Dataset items
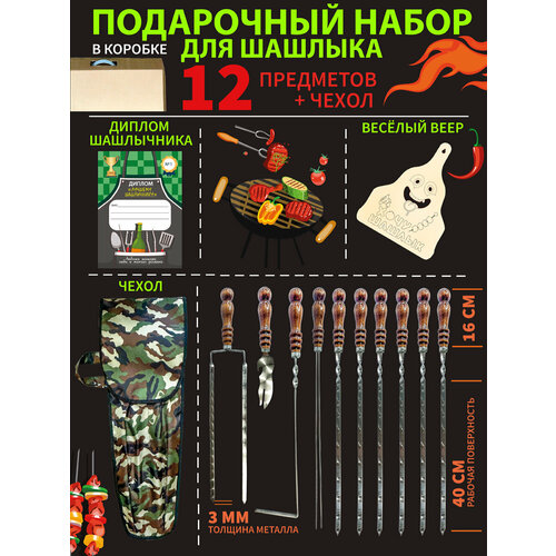 Шашлычный набор - это оригинальный и практичный подарок: мужчине, мужу, парню, брату, сыну, папе, дедушке, другу, начальнику, коллеге, молодоженам, паре или любимому на день Рождения, Новый Год 2023, 23 февраля или любой праздник. Кроме того, он отлично подойдет для любителей кавказской кухни, где шашлык и люля-кебаб играют важную роль.
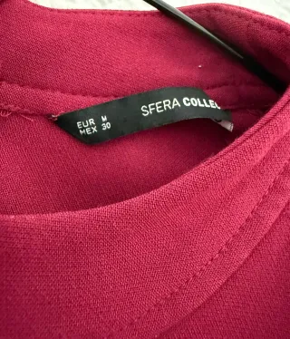 Vestido de la marca Sphera, sin estrenar. - Diseño bicolor en rojo y negro. - Cinturón negro con detalle de botones plateados. - Cremallera trasera.
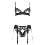 Avec l’ensemble Marilyn, chaque détail respire l’assurance et la sensualité. Composé d’un soutien-gorge, d’un porte-jarretelles structuré et d’un string assorti, cet ensemble mise sur le contraste entre brillance satinée et finesse de la dentelle. Le tout dessine une silhouette affirmée, sensuelle, mais toujours élégante. Pensé pour les femmes qui aiment séduire sans compromis, il combine esthétisme, maintien et confort avec précision.
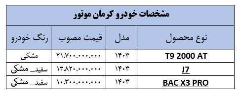 اعلام شرایط فروش فوری محصولات کرمان موتور : مهرماه ۱۴۰۳
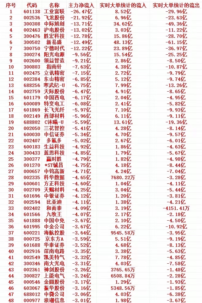 榜单中工业富联(-26.47 亿)、飞龙股份(-21.92 亿) 净流出超 20 亿元,处于第一梯队;中际旭创、沪电股份等多只个股净流出在 10-20 亿元区间,属于第二梯队;其余多数个股净流出集中在 3-10 亿元。
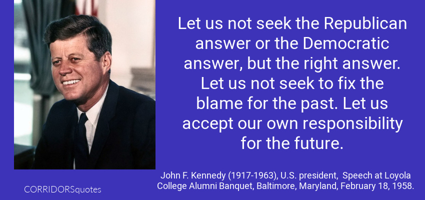 Let us not seek the Republican answer or the Democratic answer, but the right answer. Let us not seek to fix the blame for the past. Let us accept our own responsibility for the future. Speech at Loyola College Alumni Banquet, Baltimore, Maryland, February 18, 1958.
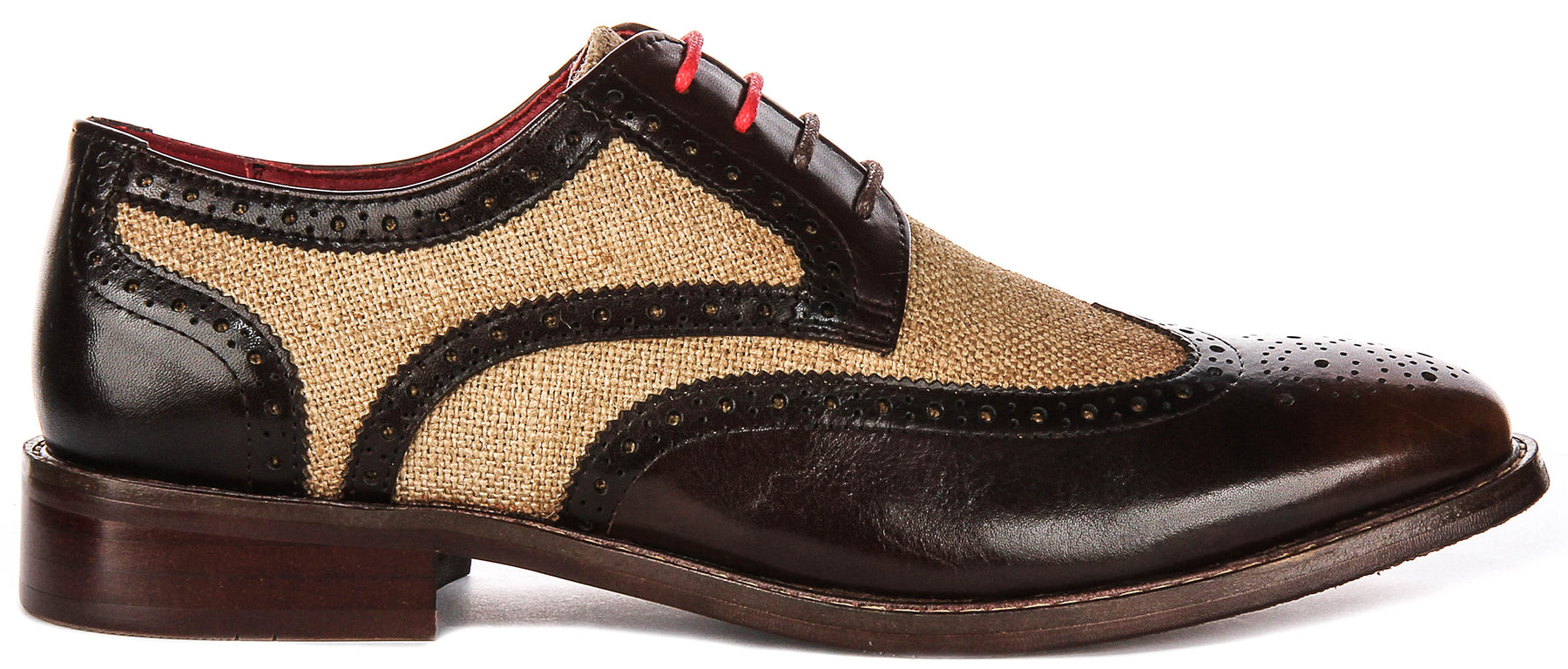 The outer material of these shoes features a premium combination of smooth leather and durable canvas. The rich, dark brown leather panels are beautifully complemented by the natural beige canvas, creating a unique two-tone effect that catches the eye. Decorative brogue detailing and traditional wingtip design further enhance the shoe’s timeless appeal, while the contrasting red laces add a subtle yet stylish pop of colour.

# Work to be completed
Omit every picture, then repeat the remaining data exactly as it appears above.

# Result for this exercise
 Шашлычный набор - это оригинальный и практичный подарок: мужчине, мужу, парню, брату, сыну, папе, дедушке, другу, начальнику, коллеге, молодоженам, паре или любимому на день Рождения, Новый Год 2023, 23 февраля или любой праздник. Кроме того, он отлично подойдет для любителей кавказской кухни, где шашлык и люля-кебаб играют важную роль.
 Vestido de la marca Sphera, sin estrenar. - Diseño bicolor en rojo y negro. - Cinturón negro con detalle de botones plateados. - Cremallera trasera.
 Avec l’ensemble Marilyn, chaque détail respire l’assurance et la sensualité. Composé d’un soutien-gorge, d’un porte-jarretelles structuré et d’un string assorti, cet ensemble mise sur le contraste entre brillance satinée et finesse de la dentelle. Le tout dessine une silhouette affirmée, sensuelle, mais toujours élégante. Pensé pour les femmes qui aiment séduire sans compromis, il combine esthétisme, maintien et confort avec précision.
 اعلام شرایط فروش فوری محصولات کرمان موتور : مهرماه ۱۴۰۳
 榜单中工业富联(-26.47 亿)、飞龙股份(-21.92 亿) 净流出超 20 亿元,处于第一梯队;中际旭创、沪电股份等多只个股净流出在 10-20 亿元区间,属于第二梯队;其余多数个股净流出集中在 3-10 亿元。
 Let us not seek the Republican answer or the Democratic answer, but the right answer. Let us not seek to fix the blame for the past. Let us accept our own responsibility for the future. Speech at Loyola College Alumni Banquet, Baltimore, Maryland, February 18, 1958.
 The outer material of these shoes features a premium combination of smooth leather and durable canvas. The rich, dark brown leather panels are beautifully complemented by the natural beige canvas, creating a unique two-tone effect that catches the eye. Decorative brogue detailing and traditional wingtip design further enhance the shoe’s timeless appeal, while the contrasting red laces add a subtle yet stylish pop of colour.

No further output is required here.